The thinking behind the move in Japan partly stemmed from theories regarding women’s fertility, with unions warning that long hours and poor sanitary conditions could harm their capacity to bear children, says Izumi Nakayama, an academic at the University of Hong Kong who has extensively studied Japan’s menstrual leave program. Today the application of menstrual leave policy varies across Japan, with decisions about the amount of time allowed and whether it is paid often left to collective negotiations with unions and employers’ discretion. There is little evidence about whether it has actually been used in recent decades. A 2014 government study found that less than 0.9% of the surveyed women in workplaces that have a menstrual leave policy had requested it, citing reasons such as embarrassment or a lack of understanding from male superiors. “In 2021, it’s much less likely for women, especially highly educated white collar workers to take menstruation leave.”
Even so, the Japanese precedent has proliferated a cluster of similar policies across East Asia—from South Korea to Taiwan and several provinces in China—rooted in the idea of women’s fragility during menstruation.
In India, food delivery startup Zomato last year began offering employees up to 10 days of paid menstrual leave a year, joining a handful of private companies in the country that have sought to challenge India’s firmly-entrenched taboos around menstruation. A company spokesperson said that since the policy was launched in August 2020, it has been used by 621 employees who have taken more than 2,000 days of leave.
While menstrual leave has been embraced by employers around the world, the idea has gained little traction in the U.S. A 2017 survey of 600 Americans published in the journal Health Care for Women International found that nearly half of respondents thought the impact of menstrual leave would be negative. Some cited concerns that the policy would be unfair to people who don’t menstruate or that the leave would be abused. Others saw the policy as unnecessary, saying that employees should use sick days if needed. In some cases that may mean taking unpaid leave. The U.S. currently has no federal requirements for paid sick leave. A 2019 U.S. Bureau of Labor Statistics survey suggested 24% of workers in the US do not have access to paid sick leave.

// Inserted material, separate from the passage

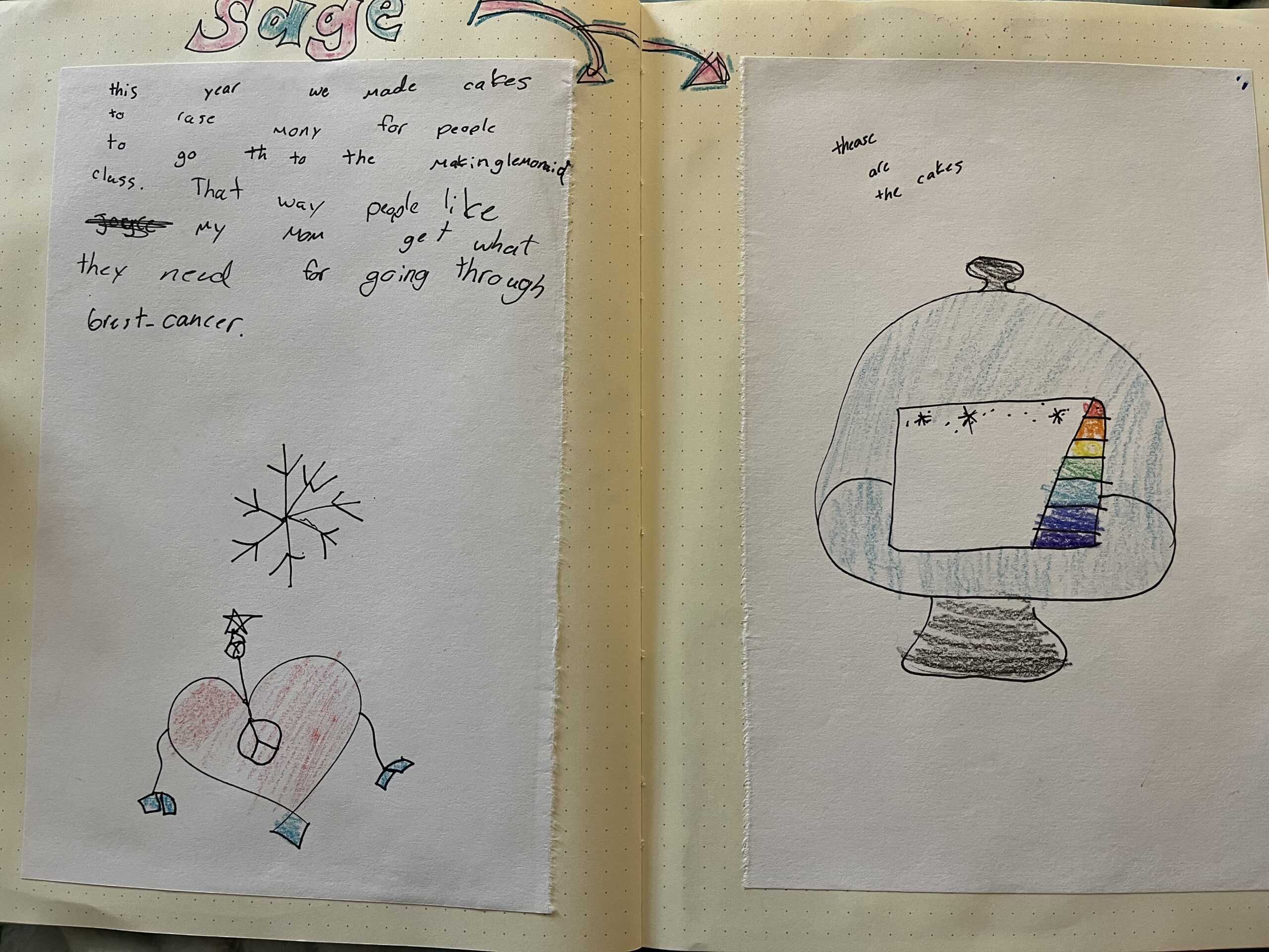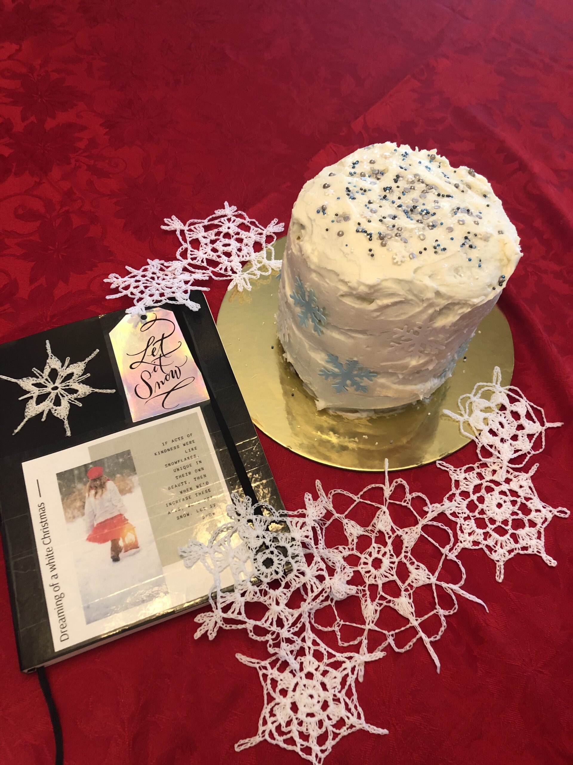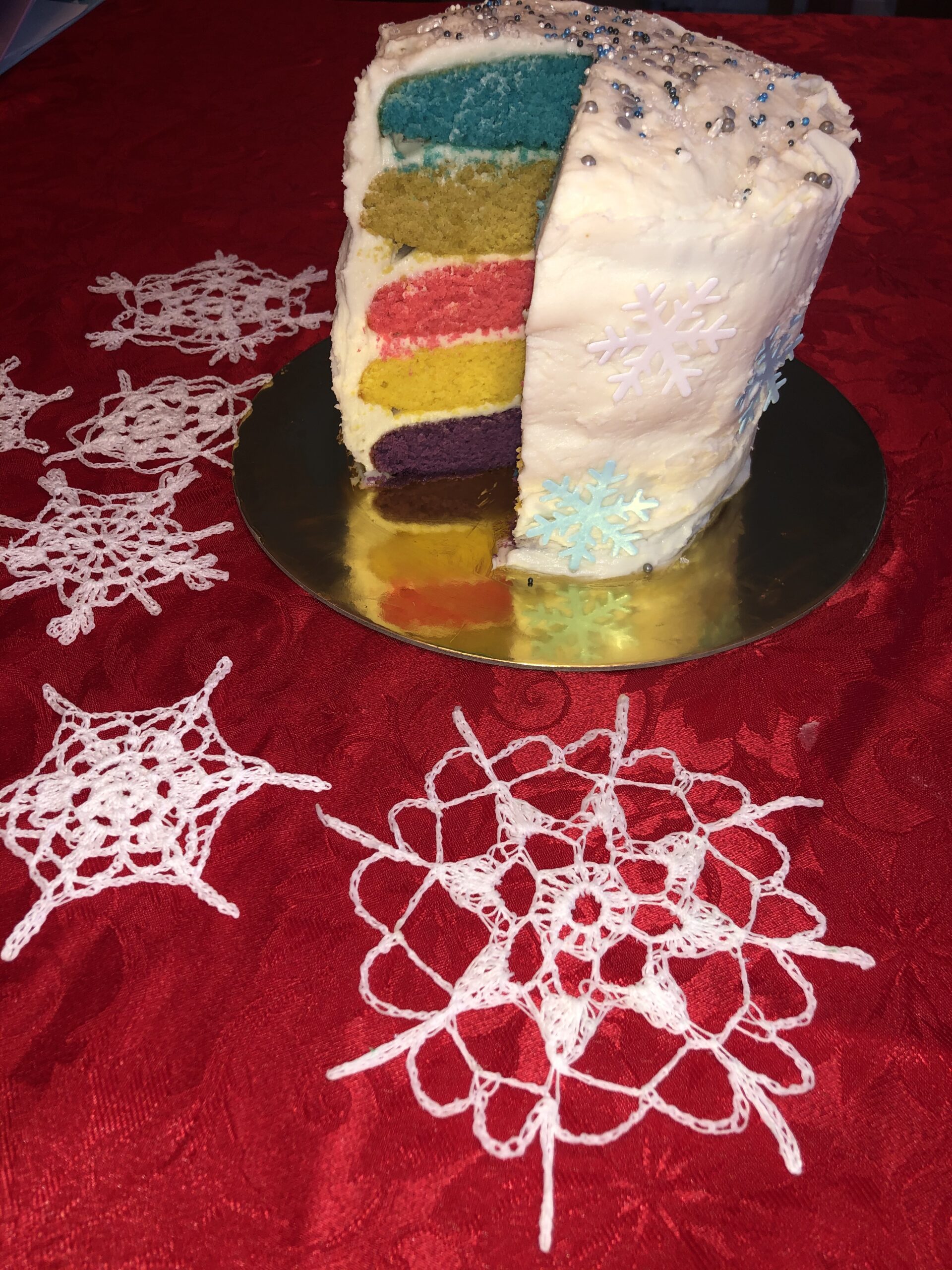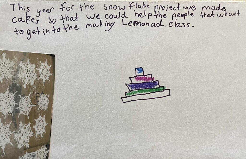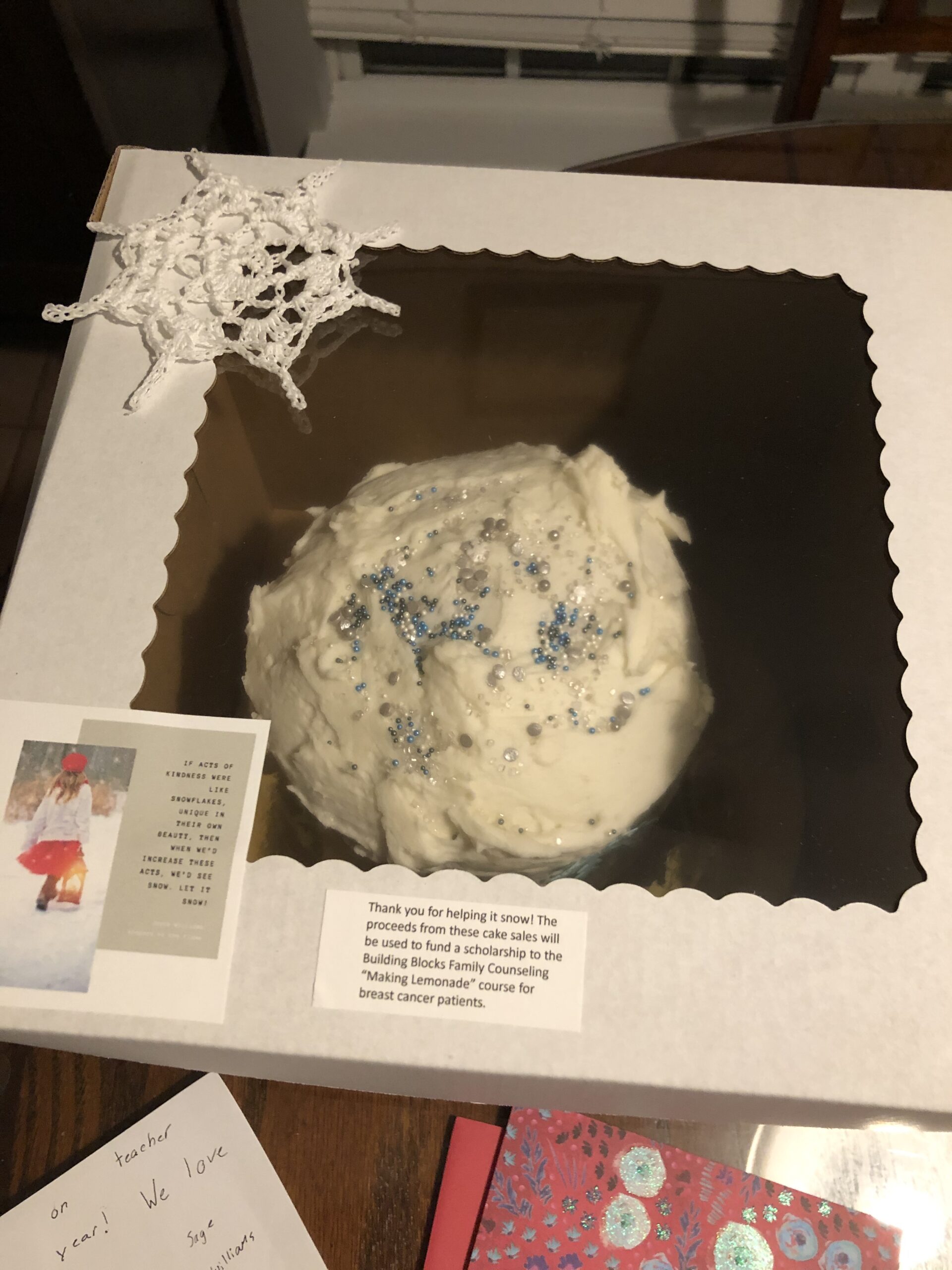 We made 5-layer snowflake cakes from scratch with buttercream frosting to sell and raise money for a scholarship to “Making Lemonade”, a group therapy class for breast cancer patients. Our goal was to sell enough to sponsor one patient (a tuition of $100). When all was said and done, we had enough for ten patients!

Months after menstrual leave policies began making inroads in Spain, the push is now on to improve the policy and expand it to the private sector, particularly sectors like retail, which tend to employ more women. In Girona, the Intersindical-CSC union had initially envisioned 16 hours of leave per month for municipal workers but had scaled back their demand during negotiations with the city, says Ester Rocabayera who heads the union’s feminism secretariat. “It’s an important step forward but the policy leaves many women in the margins,” she adds, citing single parents who aren’t able to make up time used due to childcare constraints as an example.
So far, however, amendments to the policy, such as dropping the requirement for workers to offset their paid leave with overtime, have proved to be a tough sell, says Rocabayera. “And that reveals the limits of employers’ supposed commitment to feminism—we can have menstrual leave but the onus is on us to put that time back into the system.”